## Collected data
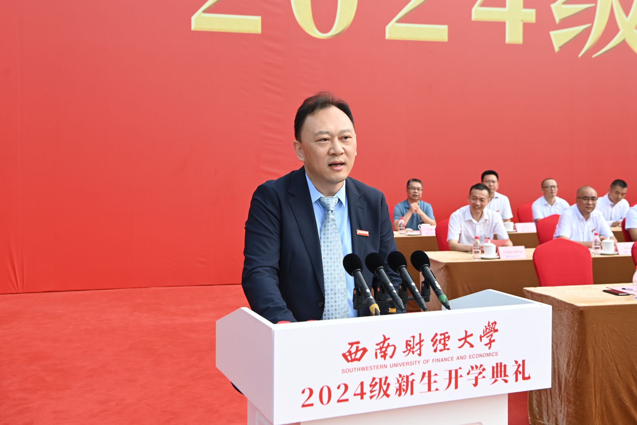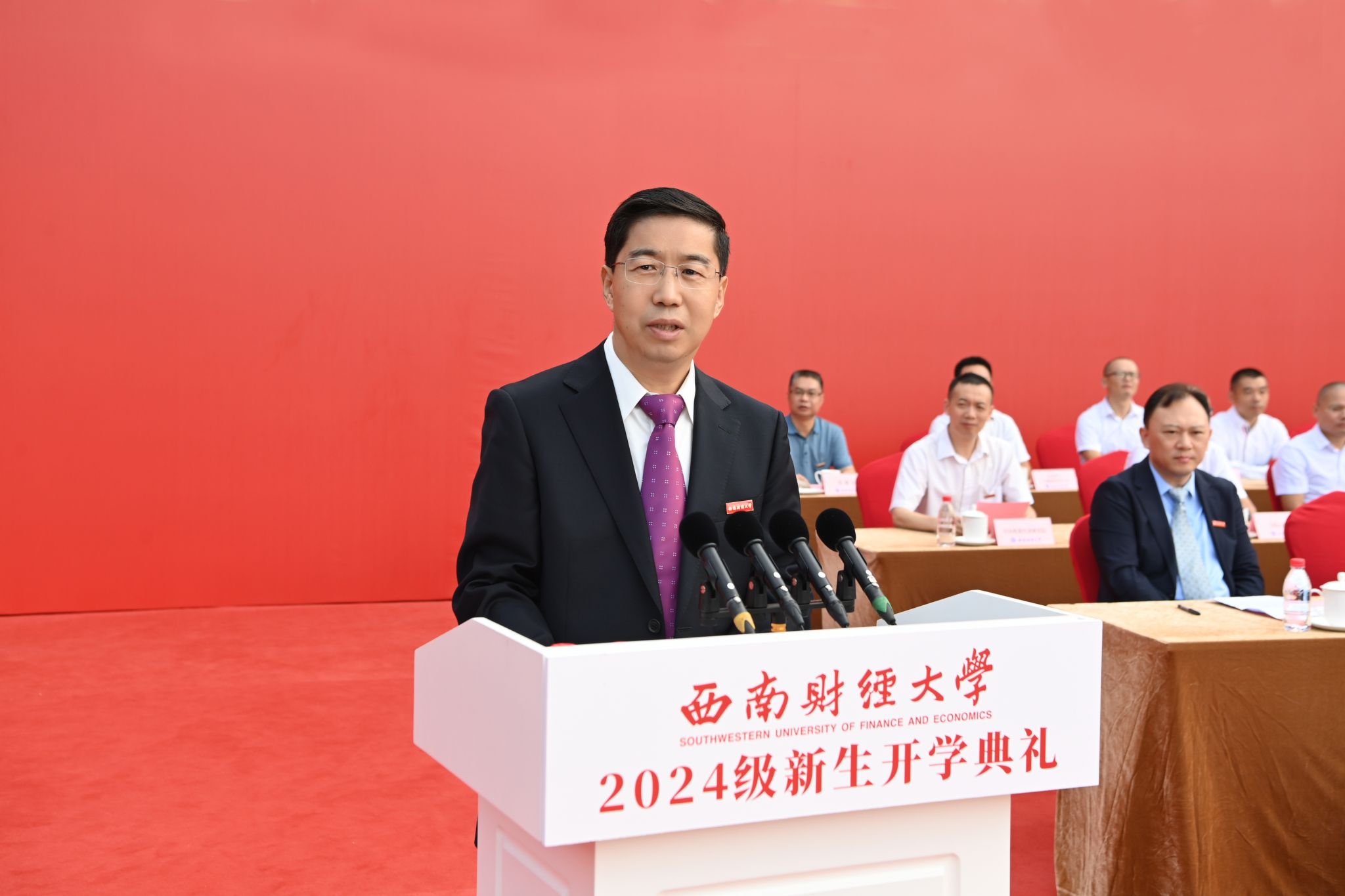 趙建軍溫情寄語2024級新生。探索吧,西財青年!在浩瀚書海中探索解答“為何讀書、讀什么書、怎樣讀書”的求知三問,以讀書筑牢挺膺擔當的基石,以敏銳腦力向未知前進,用書香滋養經世濟民的情懷,讓青春浸潤于書香之中,綻放在山河之間。奔跑吧,西財青年!在運動鍛煉中練就健康體魄、塑造陽光心態,錘煉干事、擔事、成事的“鐵肩膀”,涵育豁達、曠達、通達的“大胸懷”,以健康昂揚的風貌向遠方前進,投身時代發展滾滾洪流、強國有我偉大實踐之中。攀登吧,西財青年!在課堂內外磨礪順境中有耐力、逆境中有彈力的堅韌心力,向高處前進,讓所知所學扎根在祖國最需要的地方,將百年西財“孜孜以求”的精神力量篆刻在為人為學為事的始終,篆刻進主動服務中國式現代化的青春篇章。趙建軍期待2024級全體新同學,以卓越的見識、健康的身心、堅毅的品格,把前進寫在向深探索、向前奔跑、向上攀登的西財歲月中,成為追光的人、成為奔騰不息的西財力量,在強國建設、民族復興偉業中展現青春作為、彰顯青春風采、貢獻青春力量!
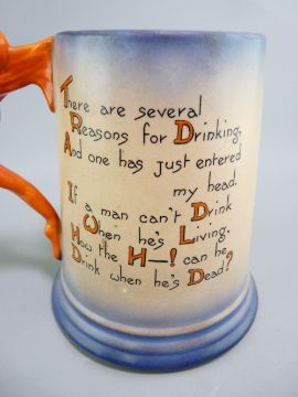 CARLTONWARE DEVIL HANDLE MUSICAL TANKARD, printed detail includes 'In Loving Memory' with Bass ale bottle in a wreath and colour highlighted 'Rhyme' to the reverse, music box working, 13cms H
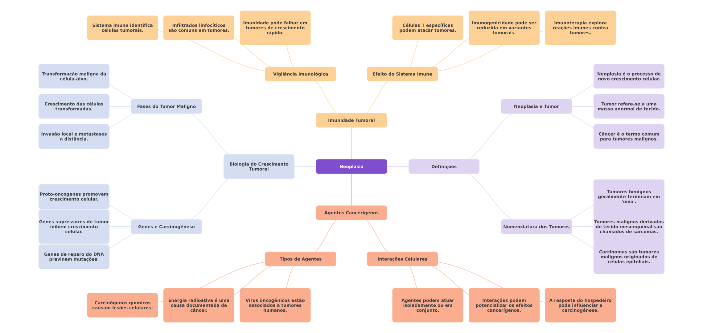 Sistema imune identifica Infiltrados linfocíticos Imunidade pode falhar em tumores de crescimento Células específicas Imunogenicidade pode ser Imunoterapia explora reduzida em variantes células tumorais. são comuns em tumores. reações imunes contra rápido. podem atacar tumores. tumorais. tumores. Transformação maligna da Vigilância Imunológica Efeito do Sistema Imune Neoplasia é processo de célula-alvo. novo crescimento celular. Crescimento das células Tumor refere-se a uma transformadas. Fases do Tumor Maligno Neoplasia e Tumor massa anormal de tecido. Imunidade Tumoral Invasão local e metástases Câncer é termo comum a distância. para tumores malignos. Biologia do Crescimento Tumoral Neoplasia Definições Tumores benignos Proto-oncogenes promovem crescimento celular. geralmente terminam em 'oma'. Agentes Cancerígenos Genes supressores de tumor Tumores malignos derivados inibem crescimento Genes e Carcinogênese Nomenclatura dos Tumores de tecido mesenquimal são celular. chamados de sarcomas. Carcinomas são tumores Genes de reparo do DNA previnem mutações. Tipos de Agentes Interações Celulares malignos originados de células epiteliais. Carcinógenos químicos Energia radioativa é uma Vírus oncogênicos estão Agentes podem atuar Interações podem A resposta do hospedeiro causa documentada de associados a tumores isoladamente ou em causam lesões celulares. potencializar os efeitos pode influenciar a câncer. humanos. conjunto. cancerígenos. carcinogênese.

## Task details
Before handing back the copy, remove the pictures; otherwise print the data exactly.

## Expected answer
 趙建軍溫情寄語2024級新生。探索吧,西財青年!在浩瀚書海中探索解答“為何讀書、讀什么書、怎樣讀書”的求知三問,以讀書筑牢挺膺擔當的基石,以敏銳腦力向未知前進,用書香滋養經世濟民的情懷,讓青春浸潤于書香之中,綻放在山河之間。奔跑吧,西財青年!在運動鍛煉中練就健康體魄、塑造陽光心態,錘煉干事、擔事、成事的“鐵肩膀”,涵育豁達、曠達、通達的“大胸懷”,以健康昂揚的風貌向遠方前進,投身時代發展滾滾洪流、強國有我偉大實踐之中。攀登吧,西財青年!在課堂內外磨礪順境中有耐力、逆境中有彈力的堅韌心力,向高處前進,讓所知所學扎根在祖國最需要的地方,將百年西財“孜孜以求”的精神力量篆刻在為人為學為事的始終,篆刻進主動服務中國式現代化的青春篇章。趙建軍期待2024級全體新同學,以卓越的見識、健康的身心、堅毅的品格,把前進寫在向深探索、向前奔跑、向上攀登的西財歲月中,成為追光的人、成為奔騰不息的西財力量,在強國建設、民族復興偉業中展現青春作為、彰顯青春風采、貢獻青春力量!
 CARLTONWARE DEVIL HANDLE MUSICAL TANKARD, printed detail includes 'In Loving Memory' with Bass ale bottle in a wreath and colour highlighted 'Rhyme' to the reverse, music box working, 13cms H
 Sistema imune identifica Infiltrados linfocíticos Imunidade pode falhar em tumores de crescimento Células específicas Imunogenicidade pode ser Imunoterapia explora reduzida em variantes células tumorais. são comuns em tumores. reações imunes contra rápido. podem atacar tumores. tumorais. tumores. Transformação maligna da Vigilância Imunológica Efeito do Sistema Imune Neoplasia é processo de célula-alvo. novo crescimento celular. Crescimento das células Tumor refere-se a uma transformadas. Fases do Tumor Maligno Neoplasia e Tumor massa anormal de tecido. Imunidade Tumoral Invasão local e metástases Câncer é termo comum a distância. para tumores malignos. Biologia do Crescimento Tumoral Neoplasia Definições Tumores benignos Proto-oncogenes promovem crescimento celular. geralmente terminam em 'oma'. Agentes Cancerígenos Genes supressores de tumor Tumores malignos derivados inibem crescimento Genes e Carcinogênese Nomenclatura dos Tumores de tecido mesenquimal são celular. chamados de sarcomas. Carcinomas são tumores Genes de reparo do DNA previnem mutações. Tipos de Agentes Interações Celulares malignos originados de células epiteliais. Carcinógenos químicos Energia radioativa é uma Vírus oncogênicos estão Agentes podem atuar Interações podem A resposta do hospedeiro causa documentada de associados a tumores isoladamente ou em causam lesões celulares. potencializar os efeitos pode influenciar a câncer. humanos. conjunto. cancerígenos. carcinogênese.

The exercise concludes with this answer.